Tuesday, May 31, 2005

End of Days?

 Posted by Hello

Jesus was distracted from battling the antichrist by having to shoot Curt Schilling in the ankle as divine punishment for being an obnoxious loudmouth
Those over-hyperbolic commentators and fans who claimed that the Red Sox win in the World Series last season marked the 'end of the world' might have been closer to the mark than many of of us originally believed. If major league baseball is to be used as a barometer of armageddon, the signs that this year is all topsy-turvy are many and portentious:

Baseball actually develops a anabolic steroids testing policy.

The Orioles lead the AL East.

MLB returns to DC, and the team doesn't stink.

John Smoltz is a starting pitcher.

Toronto has 46 variations on the basic home/road uniforms.

Randy Johnson.

and most terrifying of all, Manny Ramirez is leading the American League in a fielding category.
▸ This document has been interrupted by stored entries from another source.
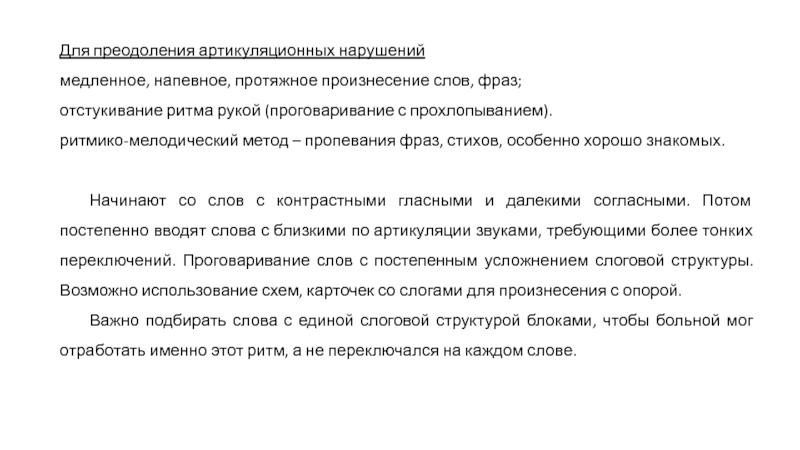 Важно подбирать слова с единой слоговой структурой блоками, чтобы больной мог отработать именно этот ритм, а не переключался на каждом слове.
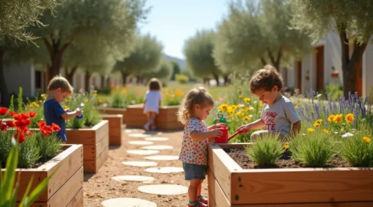 Diseñar espacios exteriores pensando en los niños implica integrar oportunidades de aprendizaje natural. Plantar especies de semillas de germinación rápida (girasoles, habas, capuchinas) permite que los niños observen el ciclo de causa-efecto en apenas una semana. Los colores primarios intensos de flores y frutos estimulan el desarrollo visual. Estudios en neurología pediátrica sugieren que el contacto regular con espacios verdes naturales contribuye a la reducción de síntomas de hiperactividad en niños con TDAH, proporcionando entornos de calma y concentración que contrarrestan la sobreestimulación digital.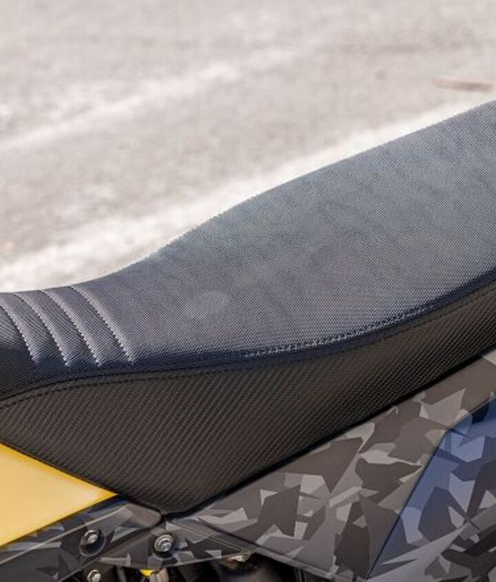 My first impression was that the seat was much firmer than I expected. It wasn’t uncomfortable. I’d just imagined it would be softer. The shape of the seat is such that, at the front by the tank, it maintains the stock narrowness to allow for easy movement while standing, but as you move rearward, the seat widens to give a broader perch for racking up the miles. Once I got out on the road, the wider rear portion of the seat impressed me with how much more comfortable it was, despite the firmness. I could easily move around, and I no longer felt like my butt cheeks were simultaneously on both edges of the seat. After a few rides, the foam has already broken in a little, so I expect it to continue to soften up as I log more miles.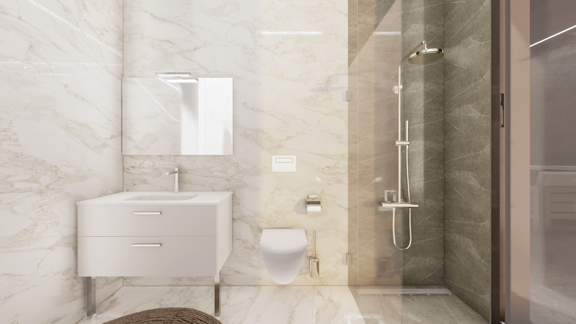 Our villas feature three spacious and bright bedrooms, perfect for accommodating the entire family or entertaining guests in the greatest comfort. Three full bathrooms with high-quality finishes ensure functionality and style in every corner of your home.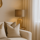 Hurricane Champagne Glass Table Lamp & Taupe Shade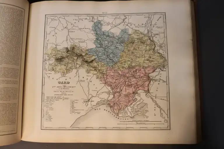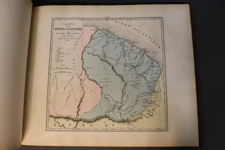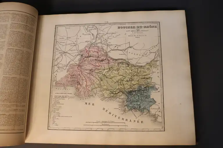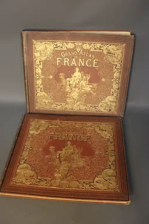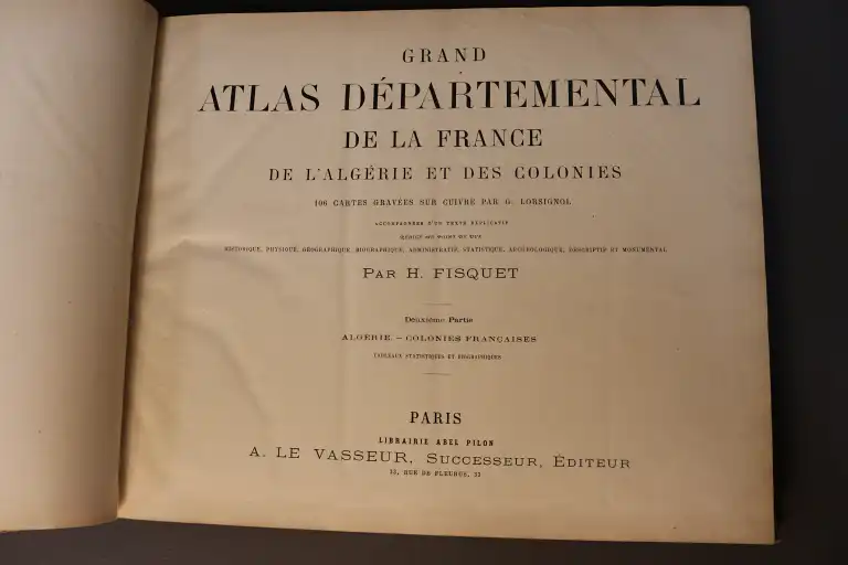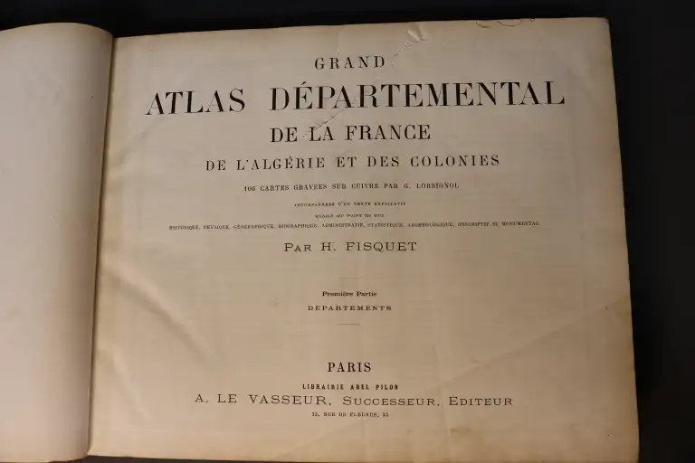 FISQUET - Grand atlas départemental de la France, de l'Algérie et des colonies - 106 cartes gravées sur cuivre par Lorsignol - Paris, Levasseur, sd - 2 vol. in folio oblong, cartonnage éditeur illustré (défauts dt déchirures sur les 4 premières pages sans manque) - Il manque la carte n°3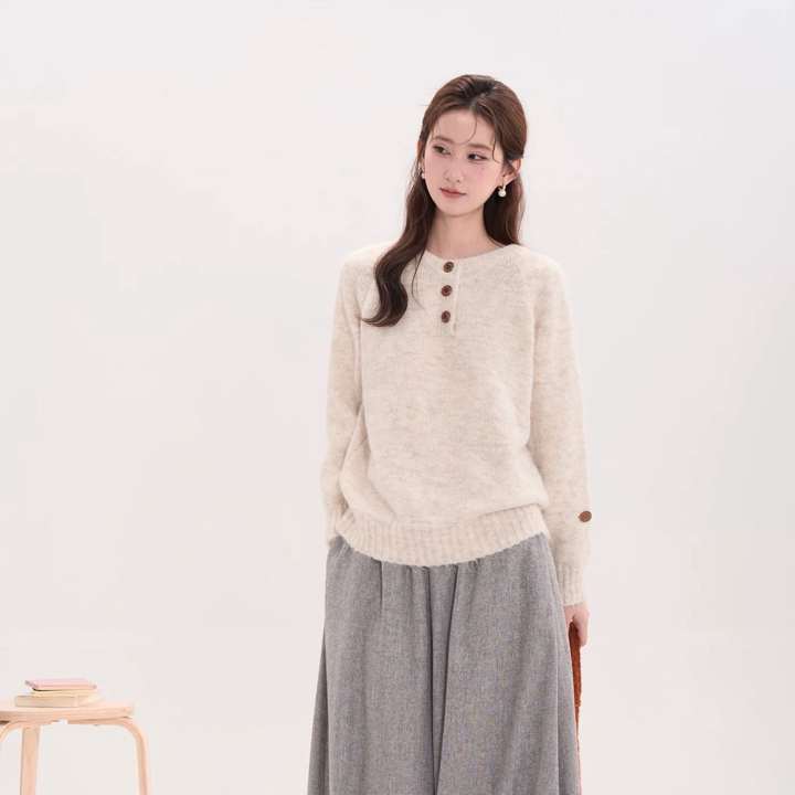 [Beau Muse] 韩系三粒扣羊毛毛衣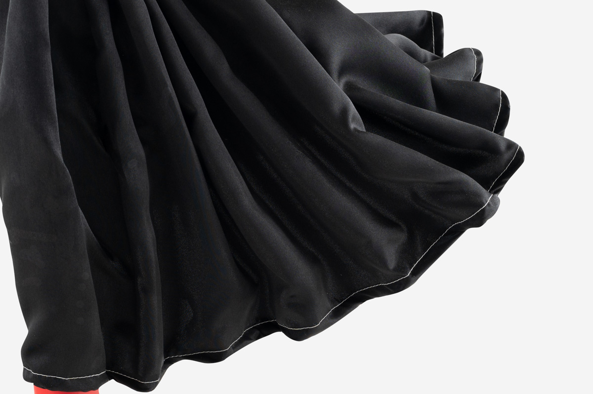 In der unteren Saumkante ist ein Draht eingearbeitet, mit dem Sie den Rock vorsichtig entfalten und den Windstoß sichtbar machen.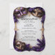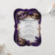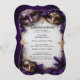Convide convidados para uma noite inesquecível de mistério e celebração com este luxuoso convite à Mascarada Quinceañera. Projetada em tons roxos reais e metálicos de ouro, esta carta apresenta máscaras de carnaval veneziana ornamentado, sotaques de penas reluzentes e padrões barrocos ricos. Perfeito para uma dramática celebração de salão ou tema de mascarada, este convite dá um tom real para um doce evento de quinze, cheio de elegância, tradição e encanto.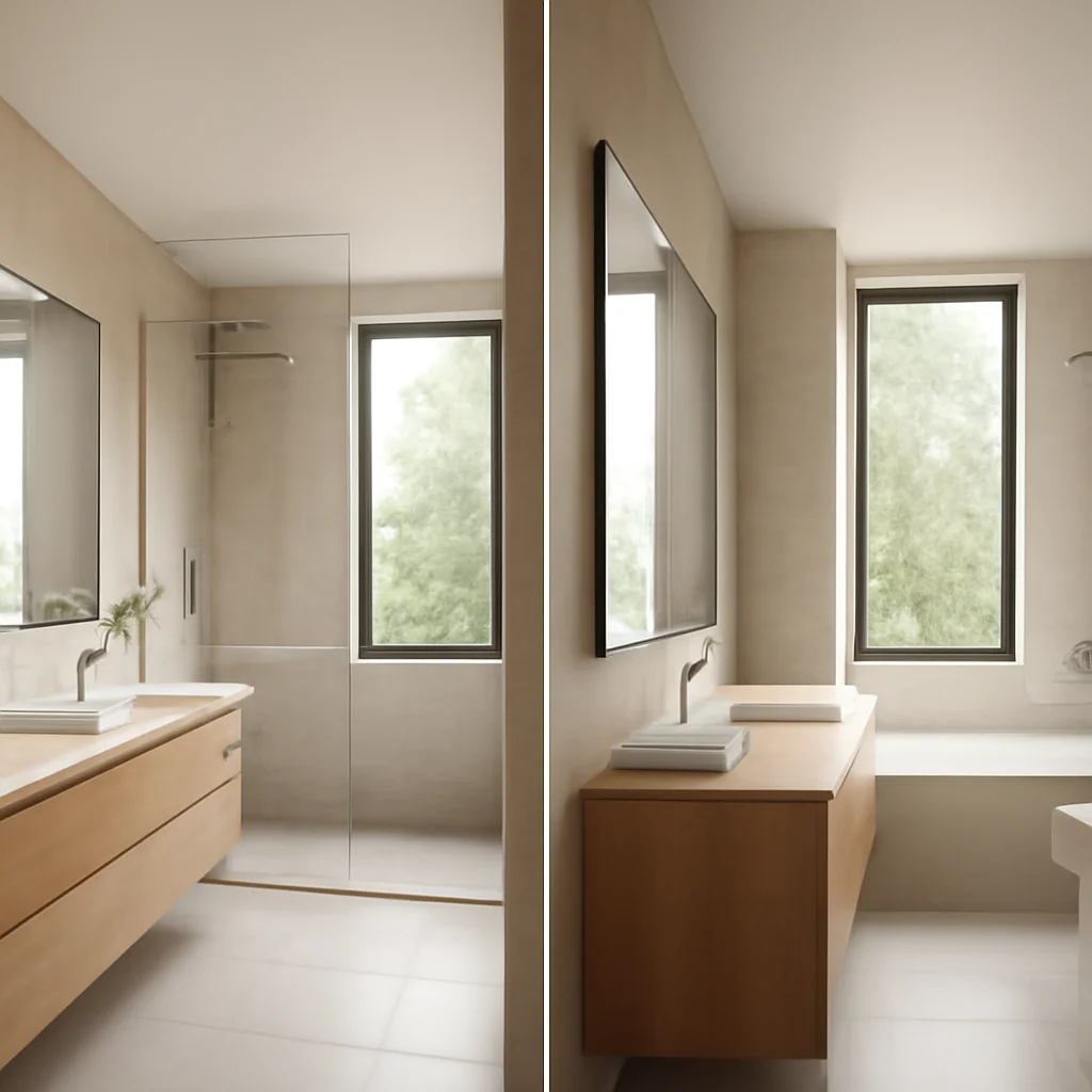 O singură baie este adesea potrivită pentru locuințele de dimensiuni reduse, precum apartamentele studio sau garsonierele, sau pentru familiile formate din una sau două persoane. Este o soluție economică și compactă.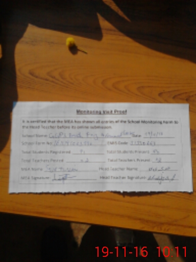 | Attendance Register | Head Teacher | MEA with School | Visit Proof |

I live in daily fear of David Wells splitting open at the mound and Beelzebub crawling out of his chest cavity along the lines of Alien or Men in Black (because as we all know, inside every fat pitcher there is a Lara Flynn Boyle waiting to get out). If Oil Can Boyd makes it back to the majors, don't be surprised if the water in church fonts starts to boil and Dennis Eckersley's moustache falls out.